It’s not everyday that the themes of a game make you think long and hard about your own existence and what it really means. How do you move your arm? What compels you to do so? To really think deep and hard about our own existence can drive some people crazy, but, thankfully, SOMA, the new sci-fi horror title from Frictional Games, ask the questions for us: all we have to do is think of the answers ourselves.
Coming off the back of the success of Amnesia: The Dark Descent, Frictional Games takes us away from the creepy castle environment and into a more claustrophobic deep sea installation. It’s hard to talk about the game’s story without giving too much away, but its views on Artificial Intelligence have been talked about in controversial capacity for some time. What SOMA does so well is show what can happen if it all went wrong. The story is presented from the view of Simon who wakes up in what looks like an abandoned deep sea installation. Trying to piece together what has transpired, you quickly discover that something terrible has happened to the residents of the installation, and some of them have been transformed into something inhuman. Early on, Simon comes into contact with another survivor named Catherine who guides him on his journey.
Much like Amnesia, SOMA plays out from a first person perspective where you can interact with almost every object in the environment as you lift things up, move them around, and examine almost every object in the world. Of course not every object will serve a purpose, but examining the likes of books, letters and reading emails greatly expand the story and give you insight into what has happened, not only to the people but also to the installation.
For most of the game I found myself wandering around the installation solving puzzles. Puzzles range from simply restoring power to a room and finding key card passcodes. I personally never ran into any puzzles in the game that I couldn’t figure out on my own, but some may find them a tad more difficult if they are not paying attention to the conversations between Simon and Catherine. The game doesn’t really give you much direction or hints for that matter in solving the puzzles, which may hurt the experience for some.

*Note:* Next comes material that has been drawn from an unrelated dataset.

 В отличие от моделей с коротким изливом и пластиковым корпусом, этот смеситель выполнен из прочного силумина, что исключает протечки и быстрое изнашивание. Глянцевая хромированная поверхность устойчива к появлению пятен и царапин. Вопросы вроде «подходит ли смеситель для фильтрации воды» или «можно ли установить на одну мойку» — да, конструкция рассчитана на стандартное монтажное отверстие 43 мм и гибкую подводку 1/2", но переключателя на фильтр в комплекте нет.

When you’re not solving puzzles you’re running and hiding. Although the game isn’t as scary as Amnesia, its horror elements build on tension and fear. The game builds tension through great sound design and the helplessness of your situation. Much like last year’s Alien: Isolation, SImon has no way to defend himself from the monstrosities that inhabit the installations. Running and hiding is your only option. The creatures will search high and low for you reacting to everything you do. Moving too fast and running over objects makes too much noise forcing you to sneak around. At first glance you may think these creatures are fairly easy to avoid.

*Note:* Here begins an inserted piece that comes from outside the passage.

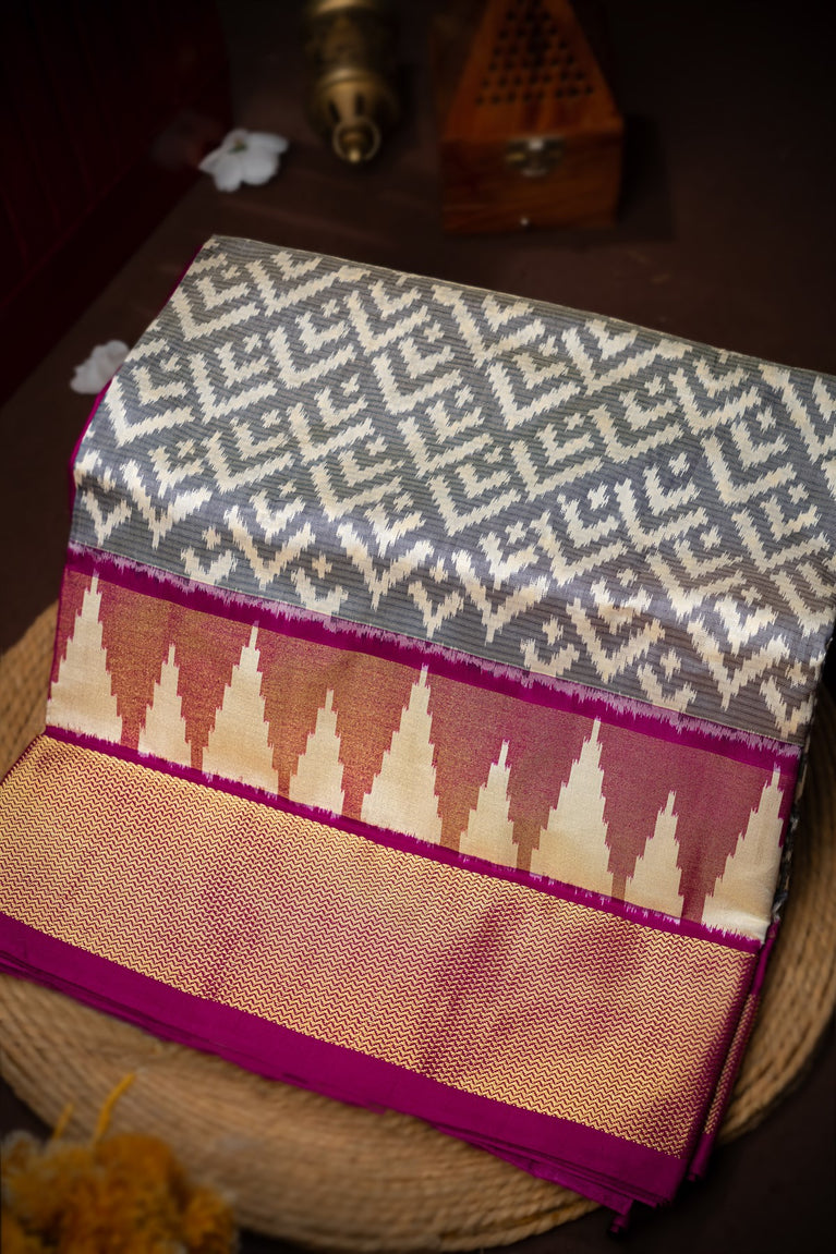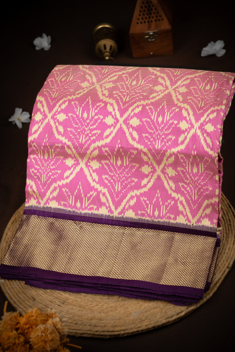 Mandir Bubblegum Pink & Purple Kanchi Ikat Ikat Saree

Simply hiding behind an object and waiting from them to walk past seems simple enough until you realize they react to everything. Turning on your flashlight will attract them to the shiny light and knocking objects off shelves or running over pipes and boxes on the ground creates too much noise drawing the creatures closer to you. When caught by the monsters, Simon gets knocked out and wakes up in a generous checkpoint location. This gives you a second chance to get around your adversary, but getting caught a second time will lead to your death forcing you to restart the section. I found this a great change of pace keeping you in the moment instead of just forcing you to restart the entire encounter.

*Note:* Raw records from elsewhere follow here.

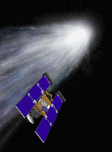 As the spacecraft sailed through the hailstorm of comet debris, a tennis- racket-shaped collector would capture and store particles coming off the comet's nucleus.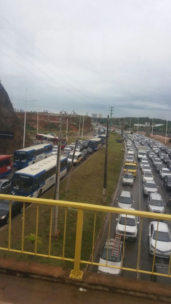 O alagamento no viaduto Ministro Mário Andreazza (clique aqui), na Avenida Paralela, na altura do São Cristóvão, causou congestionamento na via que já alcança as imediações do Shopping Paralela, no sentido Aeroporto.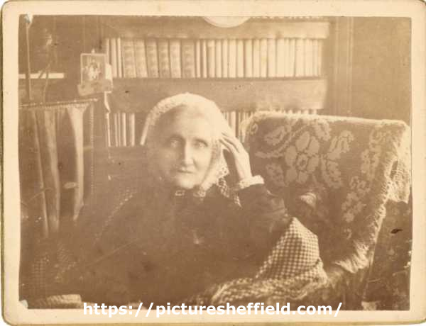 | Mary Anne Rawson (nee Read) (1801-1887) pictured in her library at Wincobank Hall, c. 1886 | |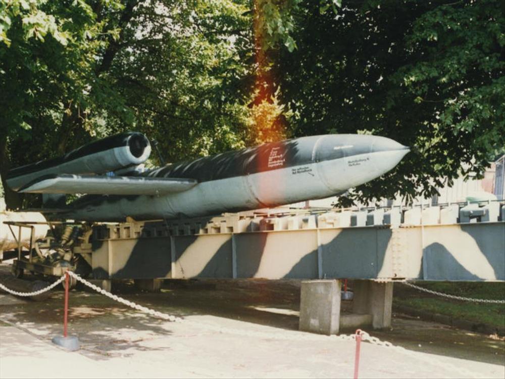 Foto van V-1 projectiel op afschiet 'rampe' in openl...

The game loses some of its tension when it takes you outside to the ocean flow. The closed-in environments keep you on the edge of your seat, not knowing what’s around the corner adds to the tension. Unfortunately, there are times when you have to venture outside of the various installations and exploring the underwater depths removes some of the tension from the game. Although these outside environments look good, with some some great detail such as the underwater sea life, it generally feels like you’re running around in the dark and getting lost without any direction.
My favorite aspect of SOMA is the sound design. Haunting sound effects litter the hallways of the installation with banging pipes, computers running in the background, footsteps and screams heard throughout the game. In particular, the harrowing sounds of the creatures leave a lasting impression. The voice acting is also surprising good. Simon and Catherine have a great dynamic between each other along with the rest of the cast which can be heard through sound logs. Examining the corpses of the dead crew allows Simon to hear their last moments allowing you to learn exactly what happened to them in their death.
SOMA is one of those games that horror fans need to experience. It’s views on artificial intelligence and what it means to be human will keep you thinking for days to come. It may not be strong in the jump scare department, but the tension it builds will keep you on the edge of your seat throughout most of its journey.